Although six weeks is a relatively small sample, there are a number of trends emerging already from the investments at the start of 2016 that give a good indication as to how the rest of the year might unfold. We’ve looked at all the data-points from all of the investments so far, pulled out the most interesting ones, and subsequently analysed what they could tell us about the rest of 2016.
1. The rate of the number of investments is not slowing down
The first six weeks of 2016 have brought us 80 investments into Nordic startups already, comfortably surpassing the 55 investments that the first quarter of 2015 saw, despite only being halfway through Q1 2016. If this rate of investment was maintained then 2016 would see 640 investments in Nordic startups, compared to the total of 339 in 2015.
Not only do the first six weeks show that the rate of investment is not slowing down, it is in fact slightly faster, with 2016 currently projecting a 88.79% growth rate for the number of investments, compared to the 87.29% we saw in 2015, demonstrating that despite the impressive number of Nordic startups in 2015, we’ve likely not seen this peak yet.

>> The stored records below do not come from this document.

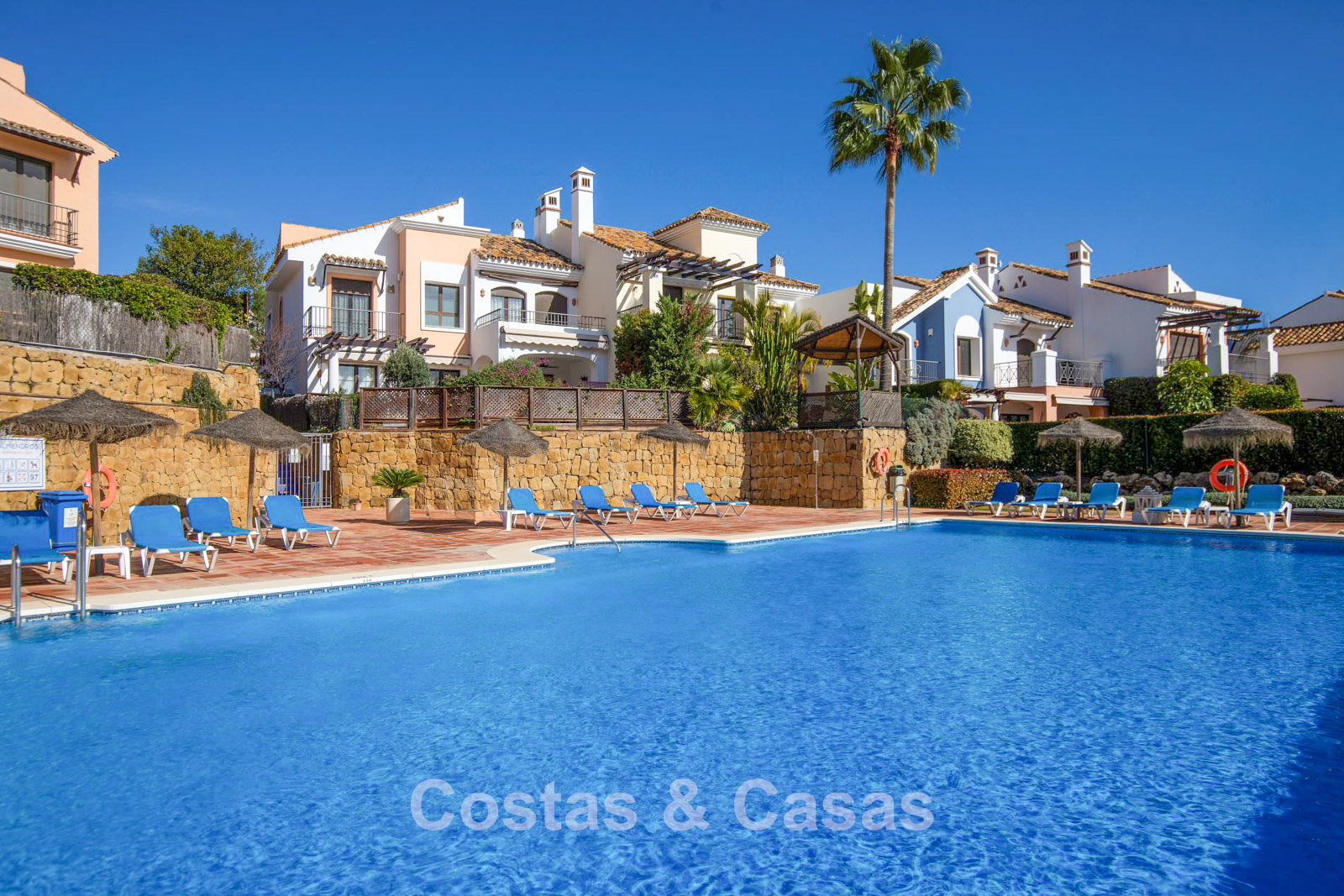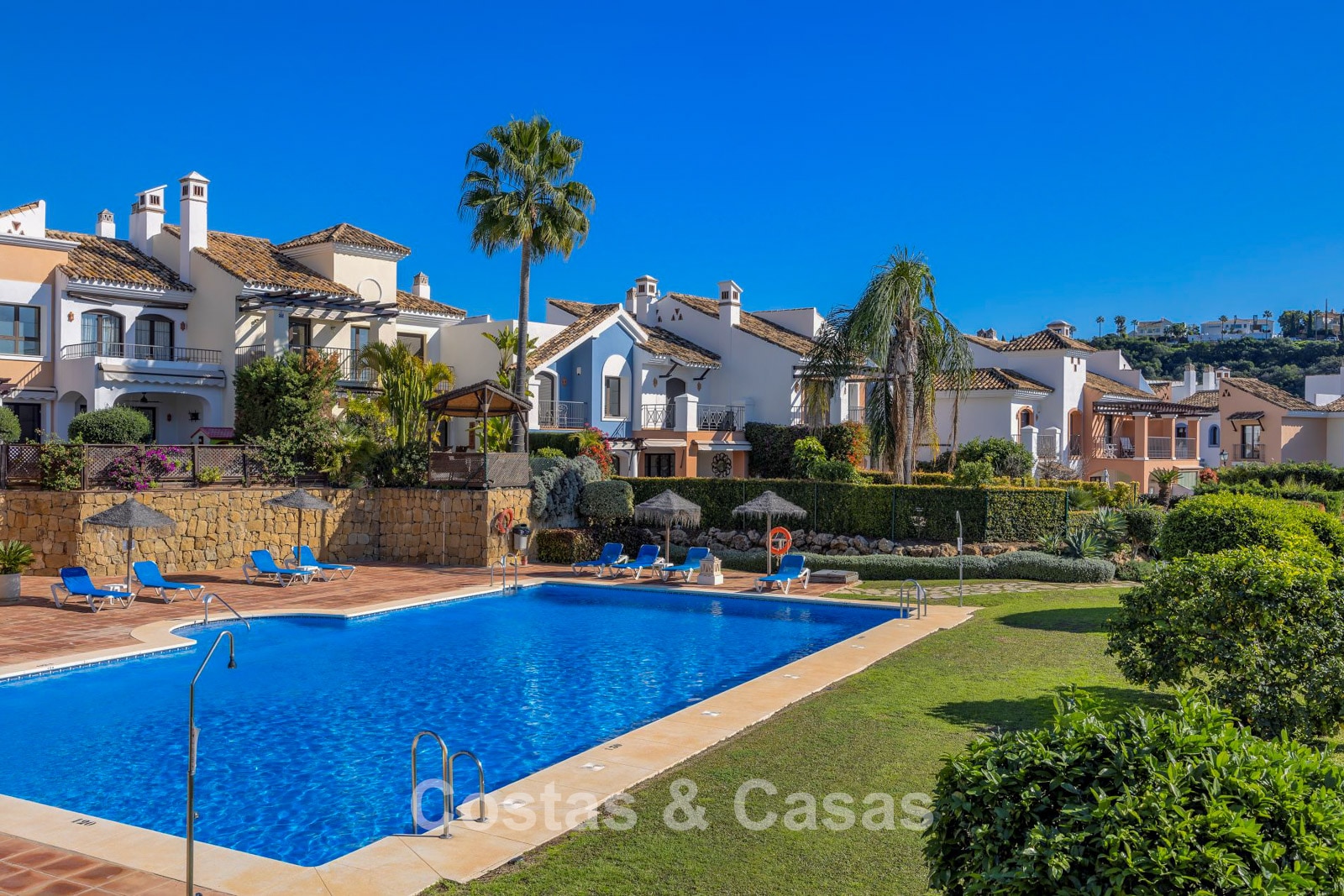 Bewoners van het kleinschalige complex kunnen genieten van twee gemeenschappelijke zwembaden, omringd door fraai aangelegde en uitstekend onderhouden tuinen.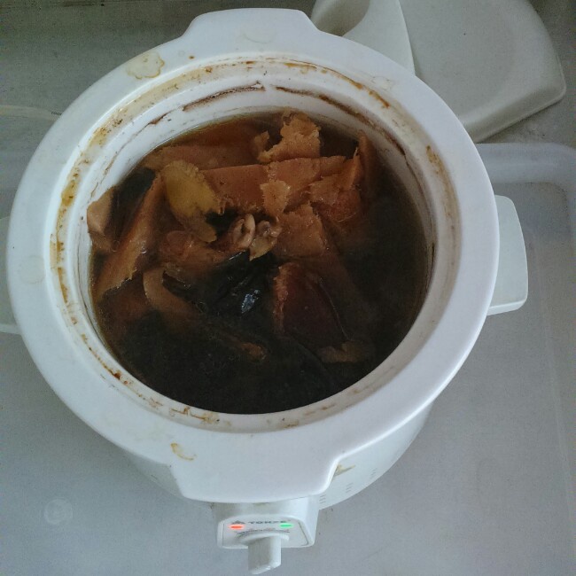 榴莲壳炖鸡,加了红枣,电炖锅炖了一晚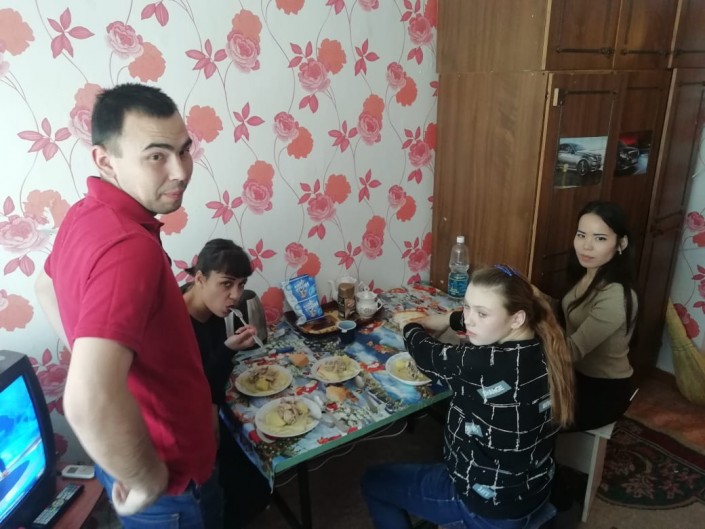 Уже с порога доносится ароматный запах еды, сегодня здесь праздник. И пусть бесбармак из окорочков, сироты признаются, вкуснее и не ели. То ли действительно так, то ли к еде присоединился вкус победы. В ближайшие дни все гости этой квартиры переедут во временное жилье, этого им удалось добиться благодаря Ассоциации детских домов в Казахстане. А пока здесь все еще негде яблоку упасть.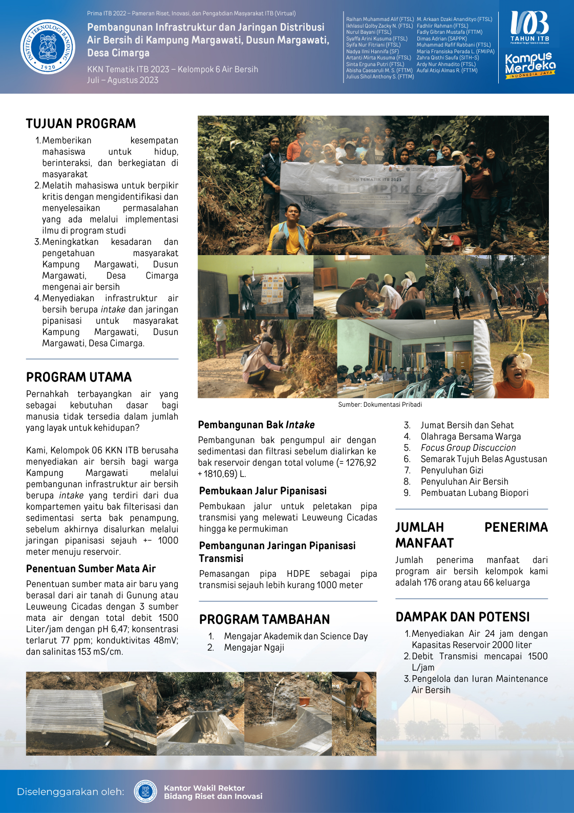 Pembangunan ini tidak hanya mencakup pemenuhan kebutuhan dasar masyarakat akan air bersih, tetapi juga memberikan dampak positif terhadap mahasiswa sebagai ruang belajar dan turun serta langsung ke masyarakat.
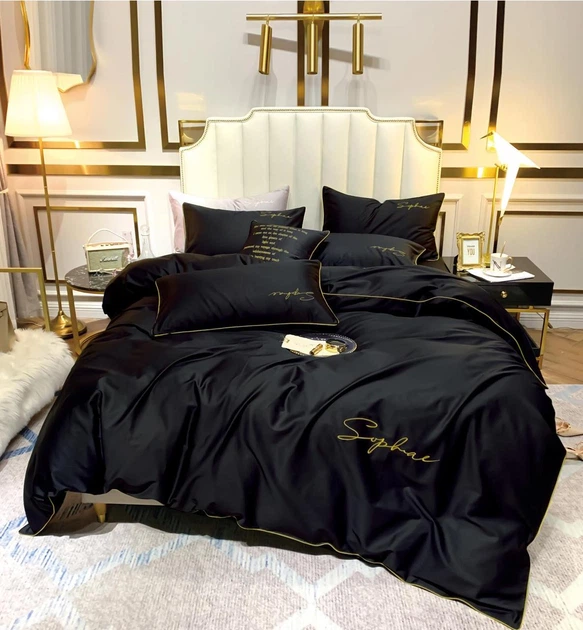 Полуторний комплект постільної білизни Crown 150*220 см сатин чорний p2696157827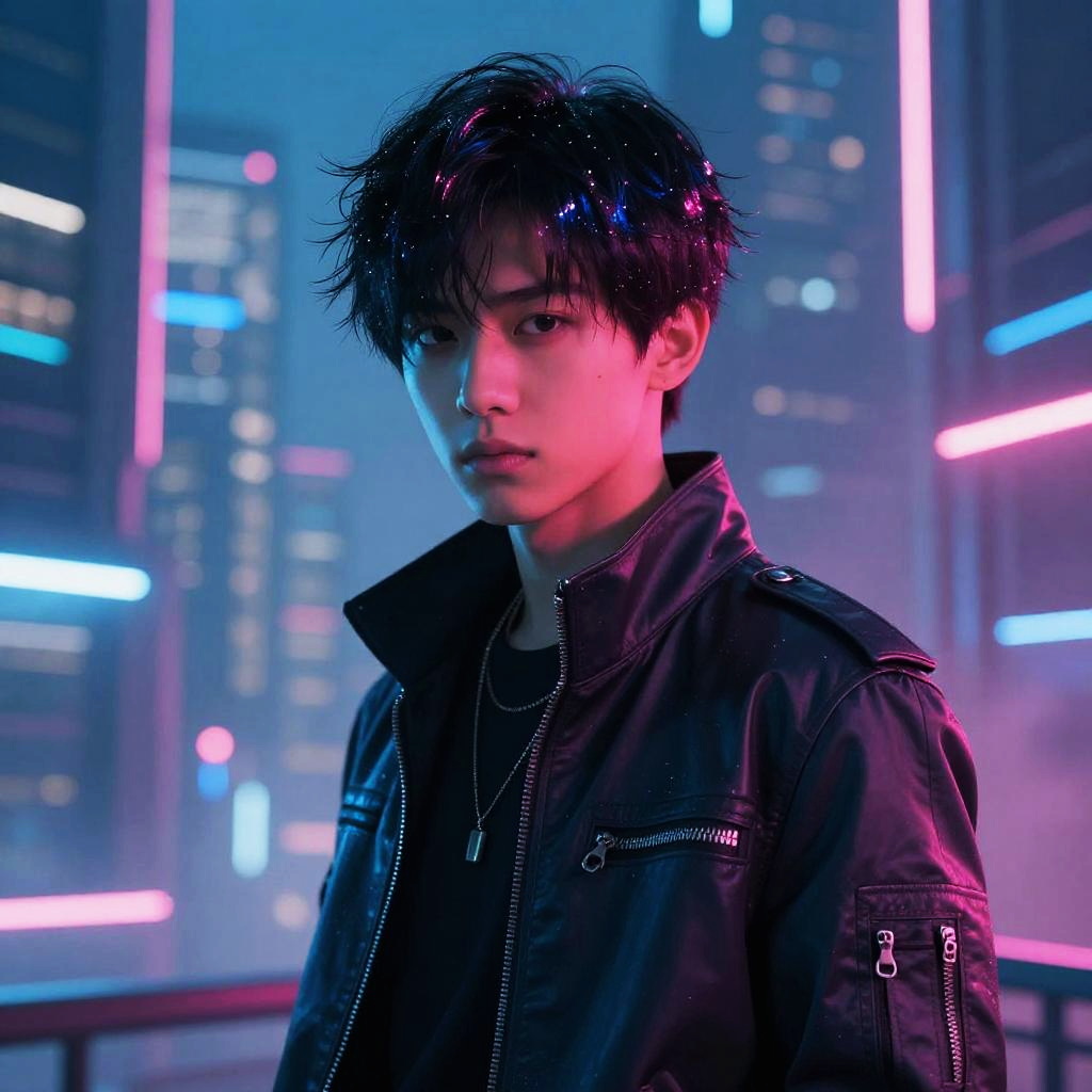 Photograph of a young Asian man with tousled black hair, wearing a black hoodie, illuminated by neon blue holographic icons against a nighttime city skyline
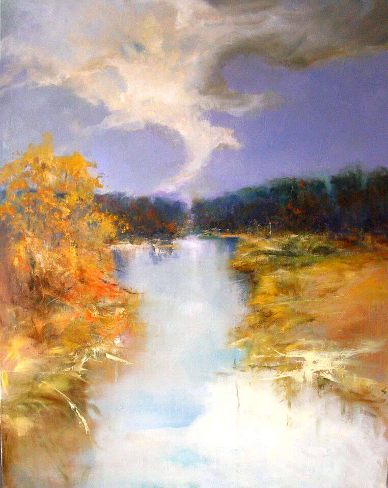 Na obrazie widać rzekę wijącą się przez złocistą przyrodę. Kolory są ciepłe, dominuje tu złota jesień, z domieszką rdzawych i pomarańczowych tonów. Horyzont zamyka ciemny las, przywołując aurę tajemnicy. Niebo pokrywają dramatyczne chmury, które nadają dziełu dynamiki. Obraz emanuje spokojem, ale i pewnym napięciem, jakby zapowiadał coś niezwykłego. Technika, której użyto, to prawdopodobnie impresjonizm – widoczny po lekkich, płynnych pociągnięciach pędzla. Ta "softness" koloru sprawia, że odbiorca czuje się jak w marzeniu. Patrząc na ten obraz, można odczuć nostalgię za mijającymi dniami, a jednocześnie zachwyt nad pięknem natury. Wyobrażam sobie, że to miejsce, gdzie czas zwalnia, a my możemy oddać się refleksji. Obraz przypomina mi o spacerach po lesie w dzieciństwie, kiedy zbierałem kolorowe liście. A może te chmury zwiastują nadchodzącą burzę, która przyniesie odświeżający deszcz? Jest w tym coś bardzo emocjonującego, co trudno opisać jednym słowem. W takim pejzażu można się zakochać na nowo. Atmosfera jest pełna subtelnych kontrastów, które sprawiają, że nie można oderwać wzroku. Jak to mówi się, każdy widzi w obrazie to, co chce widzieć, a ten zdecydowanie zachęca do snucia własnych historii.

2. There will be fewer ‘monster’ rounds
At this point of 2015, we’d already seen a $98 million round for Verne Global and $40 million for Saltside. In contrast, so far in 2016, Vivino’s $25 million is the largest round. Now, although six weeks is a very small sample for something of this kind, there are enough pointers to suggest that we will see fewer larger rounds in 2016, with only 4 $10 million+ rounds in the first six weeks of 2016 (compared to 6 in 2015). And of the $10 million+ rounds, the median so far in 2016 is $14.55 million compared to 2015’s $22 million.
3. The amount of capital invested will level out
The first six weeks of 2016 have so far seen a total of $166.86 million find its way to Nordic startups. Following this rate of investment, 2016 would see a total of $1.33 billion invested. However, taking into consideration the practically inevitable $500 million Spotify round (as 2015 also benefitted from) then the total amount for the year would end up at around $1.83 billion, almost identical to 2015’s $1.82 billion. So, despite the number of investments continuing to increase, the amount doesn’t look like it will increase by much. This is due to the majority of the increased investments happening at pre-seed and seed, and the fewer larger rounds we expect to see in 2016 as we touched on above. And this point is best demonstrated by the below chart, with the first 6 weeks of 2015 seeing significantly more investment than 2016, despite only having 25 investments compared to 2016’s 80.
4. Other cities in Sweden set to profit from increased investment
There’s no doubting that Stockholm is the dominant hub of the Swedish scene, with 83.4% of the amount invested in Sweden in 2015 going to the capital’s startups. However, in 2016 there are signs that other cities in Sweden could be set to profit further from the increased attention and investment into the country’s startups. When we look at where the investments in Sweden have been made so far in 2016, ‘only’ 62.86% of the number of investments have been made in Stockholm. The cities particularly benefitting from an increased number of investments in 2016 so far are Gothernburg (17.14 of the Swedish investments) and Malmo (14.29% of the Swedish investments), it will be worth keeping an eye on these cities throughout 2016 to see if there is a small shift as to where the capital gets dispersed in Sweden or whether the year has just seen a strong start from these places.
5. Fintech is the new darling of the Nordic startup scene
After pushing gaming, enterprise SaaS and health and wellness aside to be the beneficiary of the the largest number of investments in 2015, the first six weeks show that Fintech is set to dominate the investments again in 2016, and it is now well established as the new darling of the Nordic startup scene. The first six weeks of 2016 have seen 8 Nordic fintech startups pick up investment, comfortably more than any other vertical, and at a rate that projects 64 Nordic fintech investments in 2016, nearly triple 2015’s 23.